First Frosts of 2020

 Am I a "bad gardener" for being a bit relieved the freezing temperatures have arrived and killed so many of my annuals?  Just at their peek of beauty (cosmos and Mexican red sunflowers), or tail end of production (tomatoes) I feel just a little guilty as I pull the out and chop them into the green waste bin.  More, I feel lighter, more carefree than the earlier days of summer!

Once the raised beds are mulched that's it until spring for me.  My work will be done, and I can spend more time planning and plotting and ordering seeds (actually I think I'm nearly done with that.  Really.  Really Really).   Oh, there's still the herb garden and front yard, and the pots of propagating things, but the beds are done.  

Still, it was sad to see the flowers go. 

The Mexican red sunflowers were a second planting as the first didn't "take."  So, they were blooming on borrowed time.  One was around 7' tall, and just ready to open its buds.  The foliage darkens and the flower stems just snap over.

The cosmos will be missed by the pollinators.  They were the popular flowers lately.  Flower stems bent and entire young plants wilted over.  Oddly, one large plant just starting to flower, growing out in the open in the same bed where one of the Mexican red sunflower was, hasn't yet been touched by the cold.

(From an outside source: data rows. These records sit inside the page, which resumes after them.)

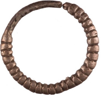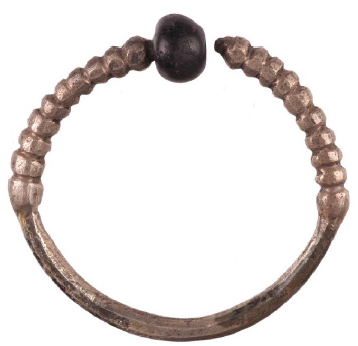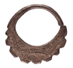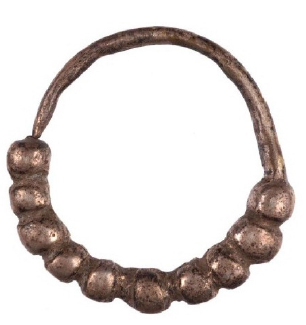 En lo que se refiere a los chahuay anulares, tanto los chicos (Figura 8) como los grandes (Figura 9) fueron obtenidos a partir de la confección de un molde. Sin embargo, solo los de mayor tamaño fueron fundidos y luego finalizados por un trabajo de cincelado superficial que permitió precisar la forma de los motivos de perlas (Figura 9). En estos aros la calidad de ejecución es relativamente homogénea, aunque se trata también de un conjunto con menor representatividad, por ser el más restringido numéricamente.
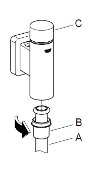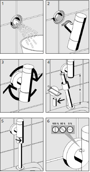 Kolejna ważną czynnością jest wstępne przepłukanie pisuaru, aby pozbyć sie ewentualnych zanieczyszczeń w instalacji. Czas przepłukania powinien wynosić około 30 s. Po przepłukaniu zakręcamy zawór odcinający i demontujemy rurkę pionową. Kolejne czynności pokazują rysunki.
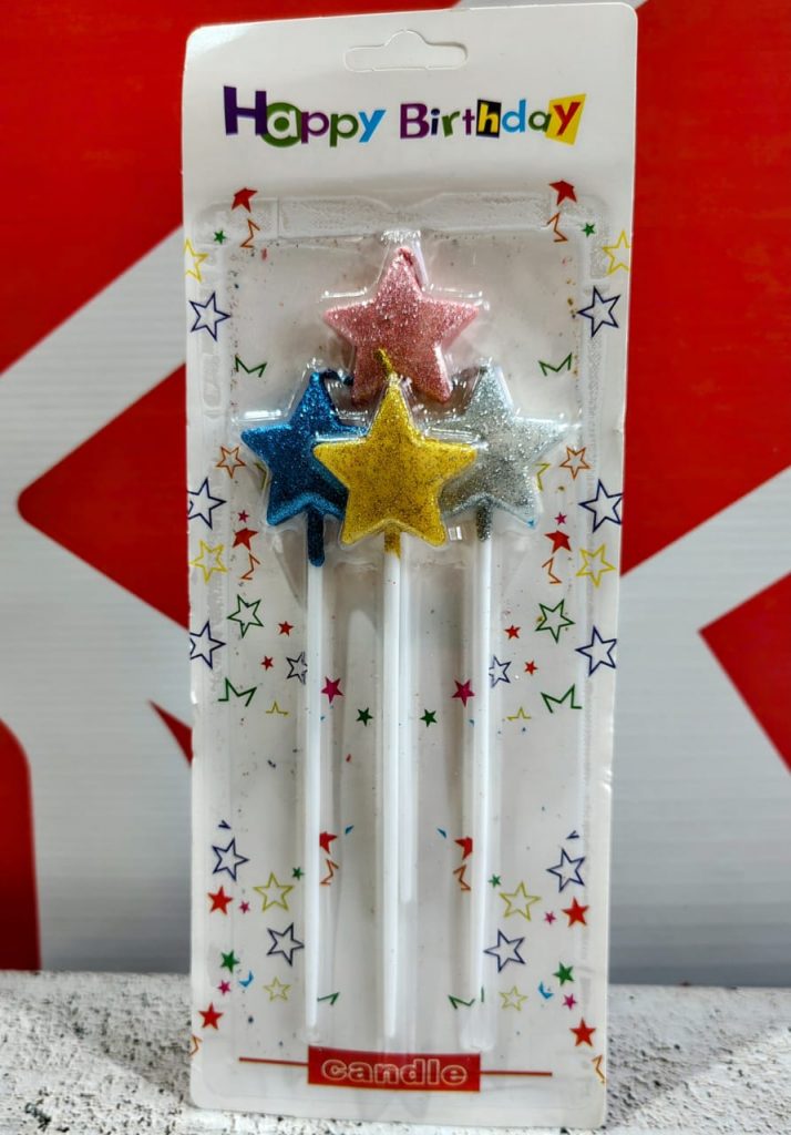 Velas Estrellas Gibreadas Multicolor con Palito x 4 Unid. IMP. 37093
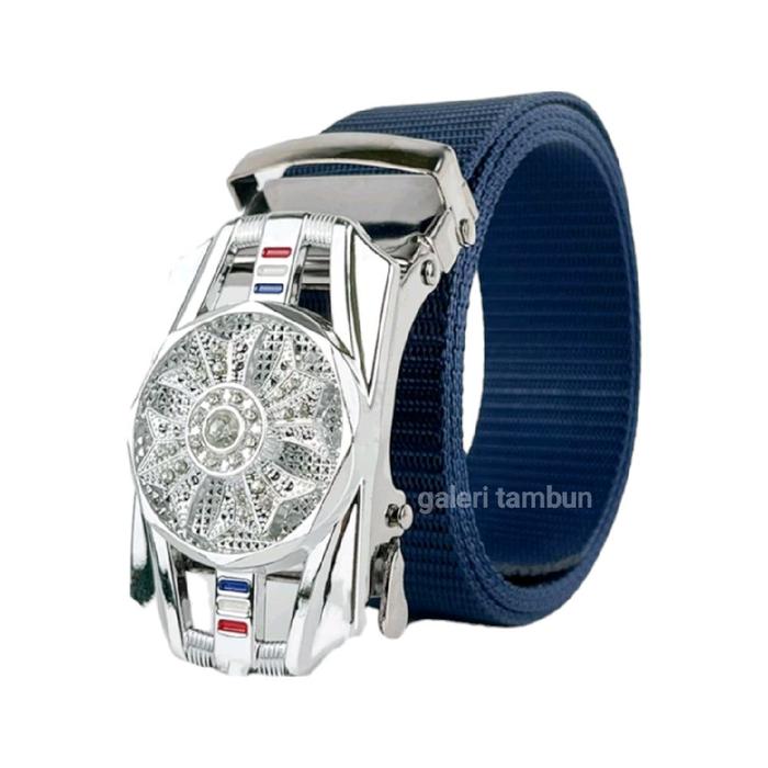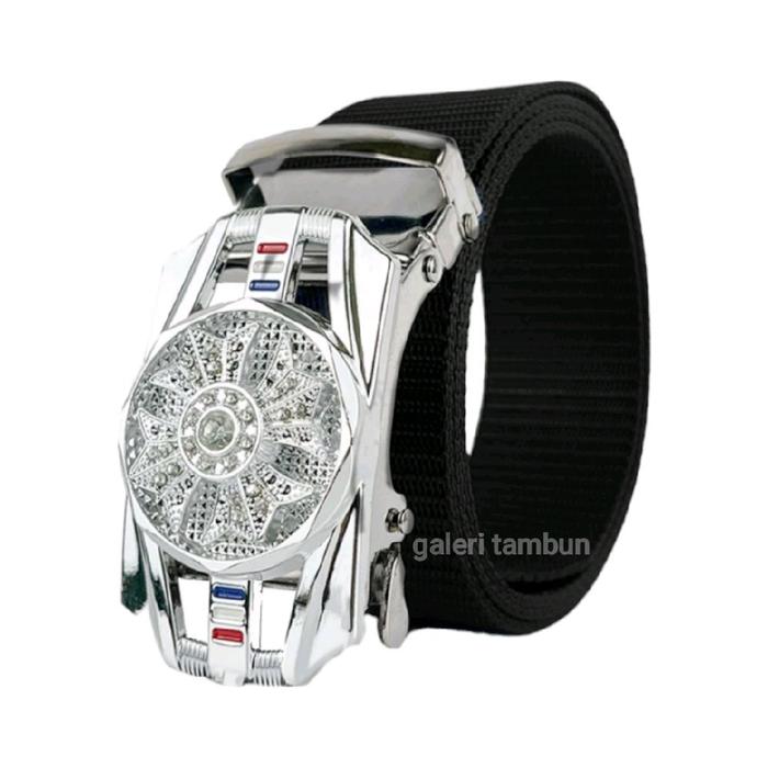 IKAT PINGGANG PRIA GESPER REL KINCIR SABUK KANVAS NILON BUCKLE METAL - hitam 110 cm
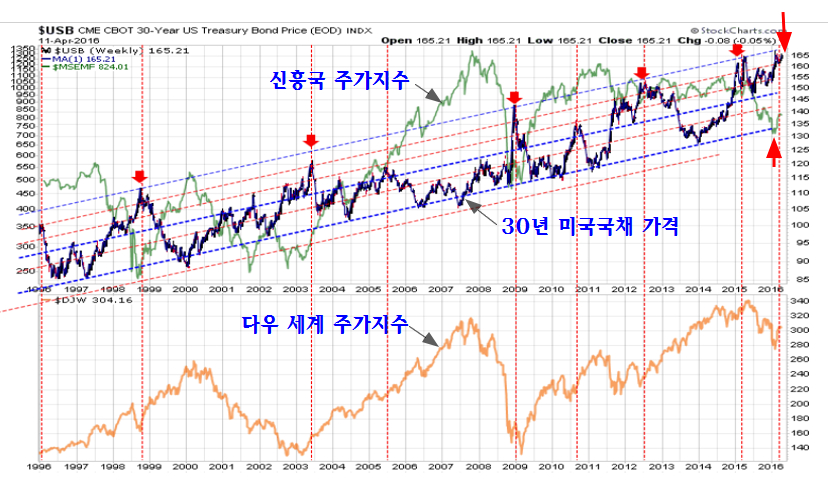유동성 이동 방향이 채권에서 주식으로 자금의 이동이므로 국채가격이 천정권으로 오른 후 재차 하락 전환한다는 것은 주식 시장이 강한 상승을 할 수 있는 유동성 조건을 갖춘다는 것을 의미한다.
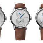 「LE34237AA01BVA31」(予定価格18万円/税別)には、自動巻きスモール・セコンドを、「LE85237AA21BVA31」(予定価格31万円/税別)には時・分・秒の3針が独立して配置される自動巻きレギュレーターを、「LE74239AA01BVA31」(予定価格43万5000円/税別)にはひとつのプッシュボタンでクロノグラフの操作を行える自動巻きモノプッシャー・クロノグラフを搭載。これらのムーブメントの動きは、シースルーの裏蓋から眺められます。

Blanketflower stems sagged over as well.

The cold got some of the perennials too, but only the current season's flowers were damaged, the plants will be fine.  It's time to cut them back to ground level.
First thing in the morning the purple coneflowers were frozen stiff.   Later in the day the petals felt like tissue paper and their color had darkened.

Even the coreopsis flowers couldn't take the cold.  Dropped stems and petals with the feel of half-steamed spinach.

The zinnias are gone, as are the morning glories.  So are the tomatoes, leaving one to ripen indoors.  You know, you do not need a sunny windowsill to ripen those last tomatoes!  As long as they've started to color up already, all they need is warmth.  It's warmth, not light, that ripens tomatoes.  Truly.  

Now, if only it would rain.  Then the garden will be maintenance free!  (I do have some daffodil bulbs due in the mail though.  I wish these companies would send them a bit earlier.)


  1. Nothing wrong with being ready for a break. The rest of winter will give you time to get excited for the work of next spring ;)

  2. Hi, stop in from Ramblin AM and saw your from Oregon. I have a son and his family in Medford. Up here in North Idaho the growing season can be short.
    Stay Safe and Coffee is on

  3. ...why is the bad? There comes a time to move on the next things!